Differential Revision: https://reviews.llvm.org/D110043
Added:
Modified:
llvm/include/llvm/IR/DataLayout.h
llvm/lib/Analysis/ConstantFolding.cpp
llvm/lib/IR/DataLayout.cpp
llvm/lib/Transforms/InstCombine/InstructionCombining.cpp
llvm/lib/Transforms/Scalar/SROA.cpp
llvm/test/Transforms/InstCombine/getelementptr.ll
llvm/test/Transforms/SROA/scalable-vectors.ll
Removed:
################################################################################
diff --git a/llvm/include/llvm/IR/DataLayout.h b/llvm/include/llvm/IR/DataLayout.h
index 300f73c12df0d..ec618bcaad441 100644
--- a/llvm/include/llvm/IR/DataLayout.h
+++ b/llvm/include/llvm/IR/DataLayout.h
@@ -579,6 +579,10 @@ class DataLayout {
/// This is used to implement getelementptr.
int64_t getIndexedOffsetInType(Type *ElemTy, ArrayRef<Value *> Indices) const;
+ /// Get GEP indices to access Offset inside ElemTy. ElemTy is updated to be
+ /// the result element type and Offset to be the residual offset.

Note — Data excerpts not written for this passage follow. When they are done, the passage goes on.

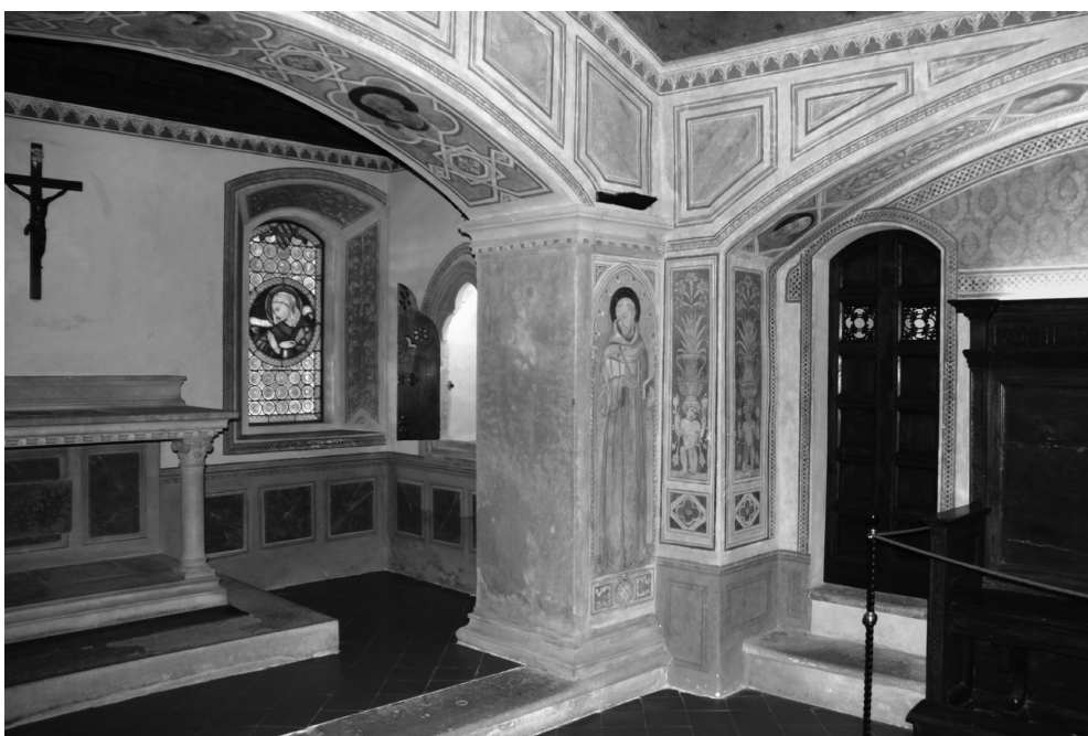
Obr. 3 Kaple pod presbytářem konventního kostela ve Fiesole s dveřmi vedoucími do pohřební krypty

Pozornost si dále zaslouží místo i délka pobytu ve Florencii. Už víme, že Prutký měl na cestu do Čech vyměřen čas do
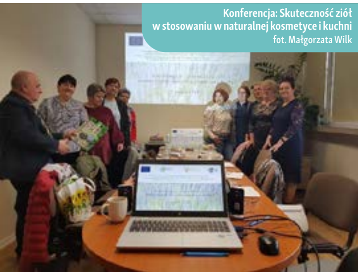
Konferencja: Skuteczność ziół w stosowaniu w naturalnej kosmetyce i kuchni
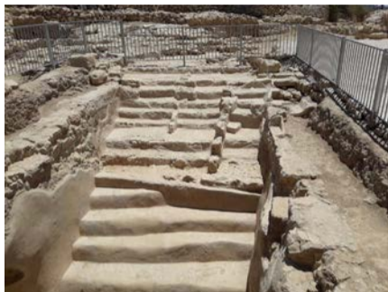
מאת: אריה שוורץ

לקומה העליונה של מערת המכפלה; בית הארחה חברון עובר שיפוץ מקיף בימים אלו בצפייה שיושלם לקראת שבת חיי שרה, והבולט ביותר בשטח, בשלב זה - מבנה בסיס צבאי חדיש ומפואר שהחליף את "פלוגת המתקנים" המוכרת לרבים, וכעת נושא את השם "רובע חזקיהו". מבנה זה הוא הראשון בשכונה שאמורה להיבנות ליד "בית רומנו" (שבו נמצאת כיום "ישיבת שבי חברון"), המבנה בו התגורר ולימד הגאון רבי חזקיהו מדיני, מחבר סדרת הספרים הנודעת "שדי חמד". במקום זה החלה בניית "רובע חזקיהו" - שכונת מגורים יהודית העתידה לכלול כ-30 דירות ומבני ציבור. את כל המראות האלו ועוד רבים יוכלו לחוות המבקרים בחברון בחג הסוכות. ובנוסף, כמובן, הישוב היהודי בחברון אינו מפסיק לשמח את עם ישראל במצוות השמחה בחג ומעלה מבחר הופעות ללא תשלום שיתקיימו ביום רביעי ב' דחומ"ס, כאשר על הבמה יופיעו מיטב זמרי הזמר החסידי ובהם - ליפא שמלצר, חיים ישראל, ישי לפידות, קובי ברומר, ביני לנדאו, ועוד. לכבוד החג כבר הוקמו סוכות ענק לקליטת קהל המבקרים, ומוזיאון "לגעת בנצח" מציע מבחר תכניות מיוחדים יוצעו מוזלים למשפחות, וסיורים מיוחדים יוצעו לקהל הרחב. בכניסה למערת המכפלה מוצג סרט הסברה חדש קצר ומרהיב המספר את תולדות האתר היהודי הראשון בעולם. רכבים מיוחדים יעלו את הקהל לתל חברון ובאתרי תל חברון יתקיימו הפעלות ילדים ויוצגו הצגות מיוחדות שימחישו את החיים בחברון הקדומה, ועוד ועוד. לרשות הקהל יעמדו סדרי הסעות מיוחדים כולל "שאתלים" מוגברים שיאפשרו הגעה ופיזור נוח. לסיכום - בחברון יש הכל: גם הנאה, גם קדושה, גם טיולים וחוויות, גם רוחניות וגם גשמיות. להתראות וחג שמח! פרטים נוספים: 02-9965333.

+ SmallVector<APInt> getGEPIndicesForOffset(Type *&ElemTy, APInt &Offset) const;
+
/// Returns a StructLayout object, indicating the alignment of the
/// struct, its size, and the offsets of its fields.
///
diff --git a/llvm/lib/Analysis/ConstantFolding.cpp b/llvm/lib/Analysis/ConstantFolding.cpp
index 6ea7dcfbb53f7..bddbc2fb3f2c1 100644
--- a/llvm/lib/Analysis/ConstantFolding.cpp
+++ b/llvm/lib/Analysis/ConstantFolding.cpp
@@ -985,8 +985,6 @@ Constant *SymbolicallyEvaluateGEP(const GEPOperator *GEP,
// we eliminate over-indexing of the notional static type array bounds.

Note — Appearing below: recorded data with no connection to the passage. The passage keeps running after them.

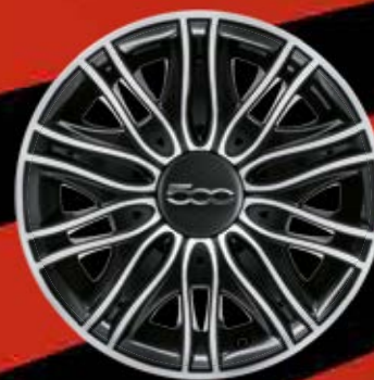
15"-DESIGNSTAHLFELGEN (optional für POP)
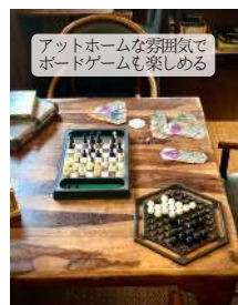
アットホームな雰囲気 でボードゲームも楽しめる

リピーターさんが多い人気メニュー トロトロ&プルプルなマトンの食感 を楽しめる一品
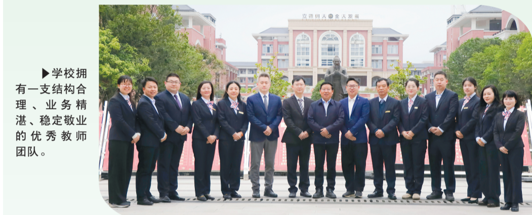
学校拥有一支结构合理、业务精湛、稳定敬业的优秀教师团队。
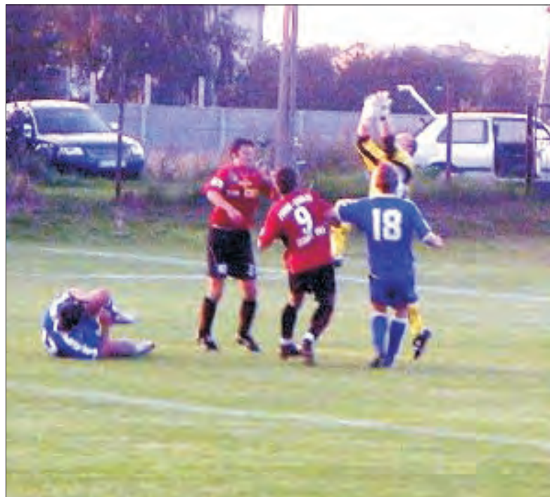
Piłkarze Zjednoczonych Stryków są nadal niepokonani.
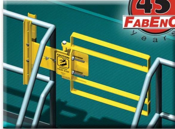
Série XL : La barrière à couverture étendue
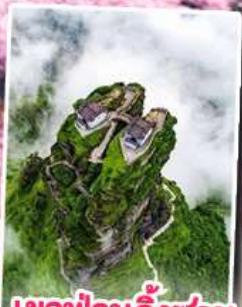
อุทยานกุหลาบพันปี หมู่บ้านแม่วชิเจียง
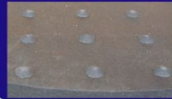
品名：ゴムカバー付マンホール
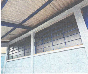
FOTO: INSTACIÓN DE LAMINA TROQUELADA Y ESTRCTURA METALICA
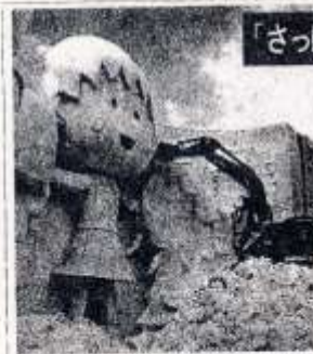
今年の雪まつり終了後に取り壊された雪像。来年は一部を再利用しスキーコースができる
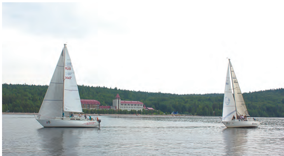
В Перми можно организовать яхтенный туризм с участием в международных регатах

Попытки восстановить в Перми туристическое судоходство стали предприниматься пару лет назад. Так, Росморречфлотом в госзадание для «Камводпути» был включён участок от промышленного порта Соликамск до пристани города Соликамска длиной 19 км, включая Боровскую воложку (подход к пристани Соликамска). На восстановление участка выделено из федерального бюджета порядка 30 млн руб. В 2016 году до
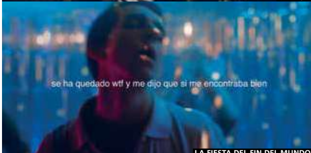
LA FIESTA DEL FIN DEL MUNDO

IN ICTU OCULI (Begiak heste-ko artean) España, 2020. Dir: Jor-
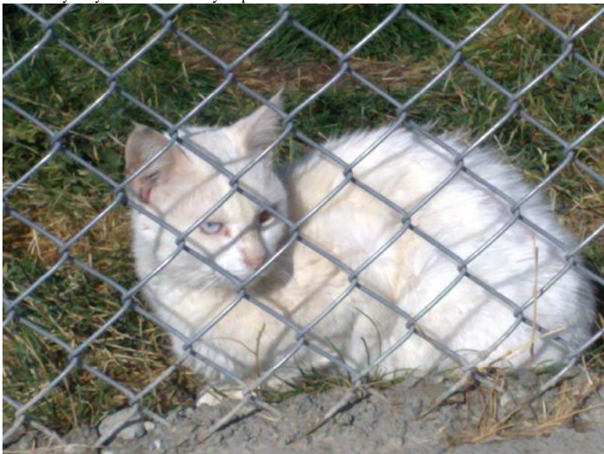
16. Vzácná vanská mačka, ktorá je symbolom mesta, pretože má jedno oko modré a druhé žlté

// This makes it easy to determine if the getelementptr is "inbounds".
// Also, this helps GlobalOpt do SROA on GlobalVariables.
- SmallVector<Constant *, 32> NewIdxs;
- Type *Ty = PTy;
// For GEPs of GlobalValues, use the value type even for opaque pointers.
// Otherwise use an i8 GEP.
@@ -997,68 +995,31 @@ Constant *SymbolicallyEvaluateGEP(const GEPOperator *GEP,
else
SrcElemTy = Type::getInt8Ty(Ptr->getContext());
- do {
- if (!Ty->isStructTy()) {
- if (Ty->isPointerTy()) {
- // The only pointer indexing we'll do is on the first index of the GEP.
- if (!NewIdxs.empty())
- break;
-
- Ty = SrcElemTy;
+ if (!SrcElemTy->isSized())
+ return nullptr;
- // Only handle pointers to sized types, not pointers to functions.
- if (!Ty->isSized())
- return nullptr;
- } else {
- Type *NextTy = GetElementPtrInst::getTypeAtIndex(Ty, (uint64_t)0);
- if (!NextTy)
- break;
- Ty = NextTy;
- }
+ Type *ElemTy = SrcElemTy;
+ SmallVector<APInt> Indices = DL.getGEPIndicesForOffset(ElemTy, Offset);
+ if (Offset != 0)
+ return nullptr;
- // Determine which element of the array the offset points into.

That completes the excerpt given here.